* [Task to carry out] Once the line with "- 학생의 교과 흥미나 관심분야, 적성이나 진로 등" is found in the data, output it and each following line exactly, up to and including the line with "北国寒冷的冬日并不能影响同学", and nothing before or after.

* [Supplied information]
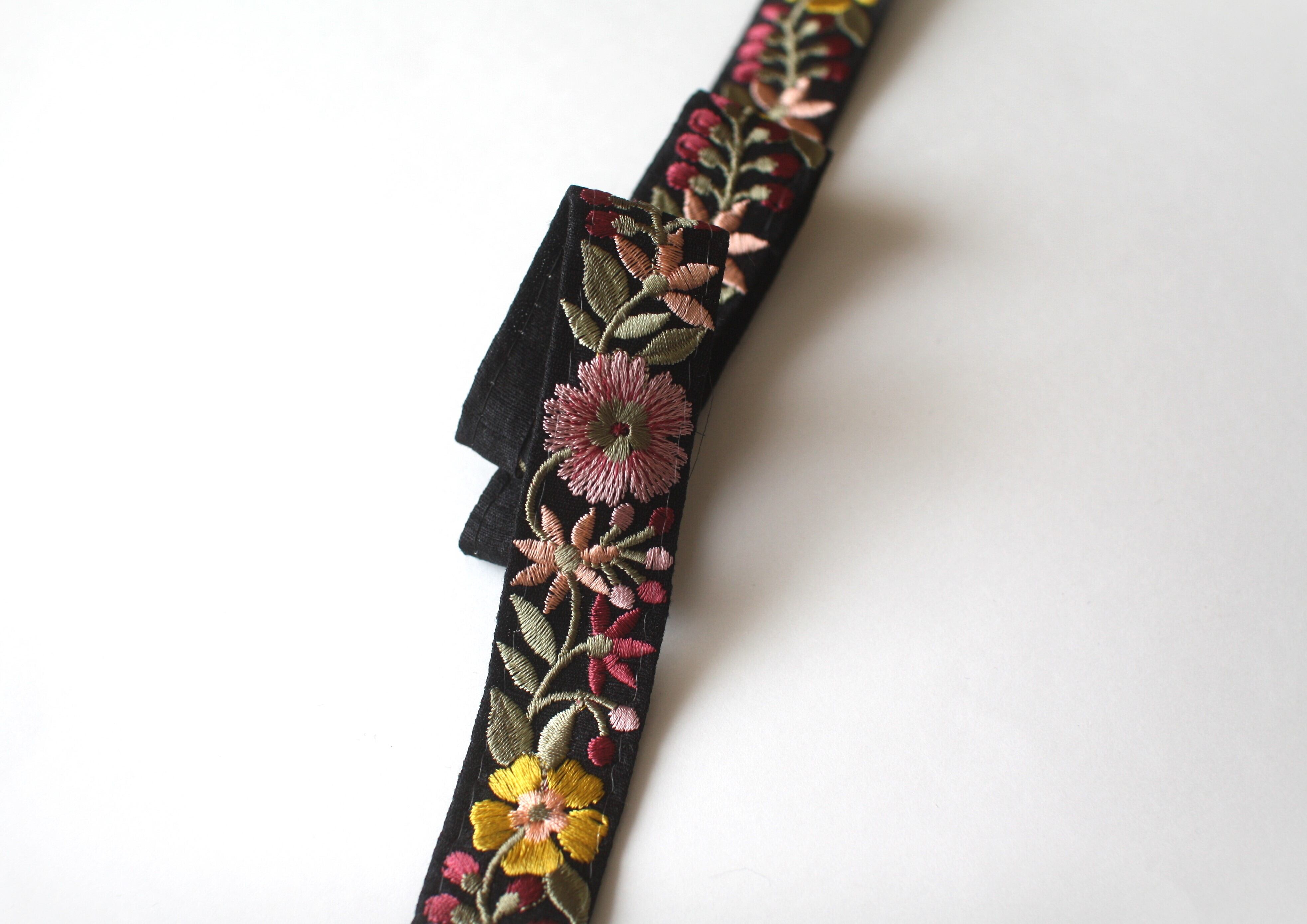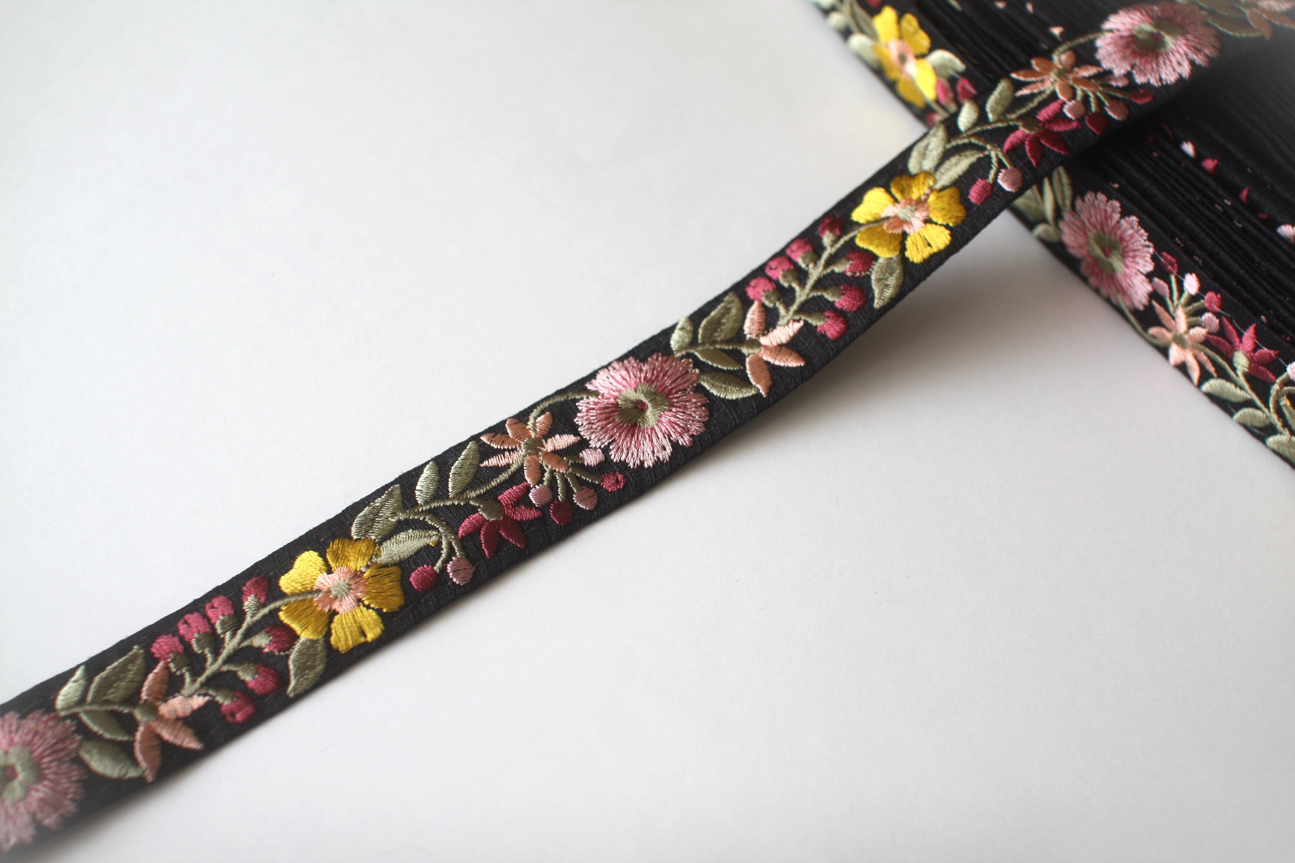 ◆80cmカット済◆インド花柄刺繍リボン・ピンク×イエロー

--

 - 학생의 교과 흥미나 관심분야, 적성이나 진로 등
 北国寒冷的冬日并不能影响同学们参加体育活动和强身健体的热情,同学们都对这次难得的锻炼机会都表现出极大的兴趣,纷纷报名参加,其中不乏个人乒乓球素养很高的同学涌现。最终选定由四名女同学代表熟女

* [Result for this task]
 - 학생의 교과 흥미나 관심분야, 적성이나 진로 등
 北国寒冷的冬日并不能影响同学们参加体育活动和强身健体的热情,同学们都对这次难得的锻炼机会都表现出极大的兴趣,纷纷报名参加,其中不乏个人乒乓球素养很高的同学涌现。最终选定由四名女同学代表熟女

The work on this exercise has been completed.